Yes of course, try the List data structure '[a]' in haskell, or any data
structure in haskell for that matter.

Isn't it fun to write

minimum xs = head (sort xs)

and get an efficient implementation of minimum?

/Lars L

George Russell

unread,
Sep 21, 1999, 3:00:00 AM9/21/99
to
crippa wrote:
>
> Hi,
>
> I have an open question conserning sorting in general.
>
> Is there a data structure with which it would be possible, or rather
> fruitfull, to do the sorting in a kind a lazy way ?
Easy-peasy. You obviously need O(n) time to get the lowest item out,
since you need to check all the items. So the best you can hope for
is O(n) for the first one, and O(log n) for all the others.
So use heap sort or balanced trees, both of which manage that.
Can't be bothered to code them now though . . .

crippa

unread,
Sep 22, 1999, 3:00:00 AM9/22/99
to

Ok, so there is nothing to gain here as far as complexity is
concerned. Only for small sizes of data there might be possible
to save some time, though. Probably a too small time save.

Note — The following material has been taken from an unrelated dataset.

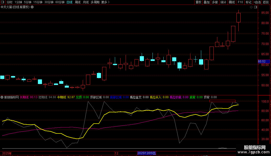 顶部区域:(中期线<REF(中期线,1) AND REF(中期线,1)>80) AND (REF(短期线,1)>95 OR REF(短期线,2)>95 ) AND 长期线>60 AND 短期线<83.5

BTW: Using a heap the first element is picked in O(nlog(n)) as you
create (sort) the heap, and then the rest at O(log(n)).
The latter expression is settled by the deleteMin operation.

Best Regards

Martin Norb{ck

unread,
Sep 22, 1999, 3:00:00 AM9/22/99
to
Wed, 22 Sep 1999 13:00:32 +0200, cri...@erix.ericsson.se (crippa) ->

> BTW: Using a heap the first element is picked in O(nlog(n)) as you
> create (sort) the heap, and then the rest at O(log(n)).
> The latter expression is settled by the deleteMin operation.

You don't sort the elements when creating a heap. A heap only has a heap
ordering between the elements. You can actually build a heap in O(n) time.
The build function uses in-place updates, however.

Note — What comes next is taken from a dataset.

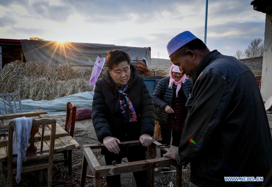 Ding Haiyan visits a villager''s home in Hejiayuan Village of Xihaigu in northwest China''s Ningxia Hui Autonomous Region, Oct. 28, 2020. Xihaigu, a largely mountainous region in northwest Ningxia, was once inflicted by deep poverty and labeled the "most unfit place for human settlement" by the United Nations in the 1970s due to land reclamation, drought, and a fragile ecological environment. On Nov. 16, 2020, Xihaigu historically bid farewell to absolute poverty, during which "she power" played an indispensable role. Ding Haiyan, 55, is chairwoman of the trade union of water supplies bureau of Wuzhong City in Ningxia. She transferred to Hejiayuan Village in Yuwang Township of draught-haunted county of Tongxin in central Ningxia in 2015 starting her new career as a poverty alleviation cadre. To Ding''s great disappointment, most villagers there were seniors or the disabled who had no access to paved roads and electric power for industrial purposes, and little confidence in her will and power. Despite these, Ding insisted on making door-to-door visits to get her head around the basic situation there. She came up with a two-pillar strategy to simultaneously improve villagers'' income and infrastructure in the village. She also tailored individual poverty-alleviation plans for each household in the village. Started with livestock breeding, villagers had more and more confidence in Ding as they saw steadily increasing income. Ding also managed to multiply the villagers'' sources of income by encouraging production of specialty grains like millet and buckwheat. Thanks to her efforts, a paved road was also accomplished to bring output of the village to wider markets. Looking at an almost ready canteen for senior citizens, the last one of her promises to the villagers in Hejiayuan, Ding admitted that she occasionally shed tears due to the difficulties she had to confront, but she would never forget the villagers'' eyes with expectation and her responsibility for them. (Xinhua/Feng Kaihua)

Picking the first element is O(log n), so finding the first element
using a heap is O(n)+O(log n) = O(n).

(btw, finding the first element in a well coded merge sort is also O(n))

n.

--
[ http://www.dtek.chalmers.se/~d95mback/ ] [ PGP: 0x453504F1 ] [ UIN: 4439498 ]
Opinions expressed above are mine, and not those of my future employees.

crippa

unread,
Sep 22, 1999, 3:00:00 AM9/22/99
to
Martin Norb{ck wrote:
>
> Wed, 22 Sep 1999 13:00:32 +0200, cri...@erix.ericsson.se (crippa) ->
> > BTW: Using a heap the first element is picked in O(nlog(n)) as you
> > create (sort) the heap, and then the rest at O(log(n)).
> > The latter expression is settled by the deleteMin operation.
>
> You don't sort the elements when creating a heap. A heap only has a heap
> ordering between the elements. You can actually build a heap in O(n) time.
> The build function uses in-place updates, however.

Are you saying that you can sort in O(n) using a heap ?!

> Picking the first element is O(log n), so finding the first element
> using a heap is O(n)+O(log n) = O(n).
>
> (btw, finding the first element in a well coded merge sort is also O(n))
>
> n.
>
> --
> [ http://www.dtek.chalmers.se/~d95mback/ ] [ PGP: 0x453504F1 ] [ UIN: 4439498 ]
> Opinions expressed above are mine, and not those of my future employees.

Best Regards

Martin Norb{ck

unread,
Sep 22, 1999, 3:00:00 AM9/22/99
to
Wed, 22 Sep 1999 16:39:48 +0200, cri...@erix.ericsson.se (crippa) ->

> > You don't sort the elements when creating a heap. A heap only has a heap
> > ordering between the elements. You can actually build a heap in O(n) time.
> > The build function uses in-place updates, however.
>
> Are you saying that you can sort in O(n) using a heap ?!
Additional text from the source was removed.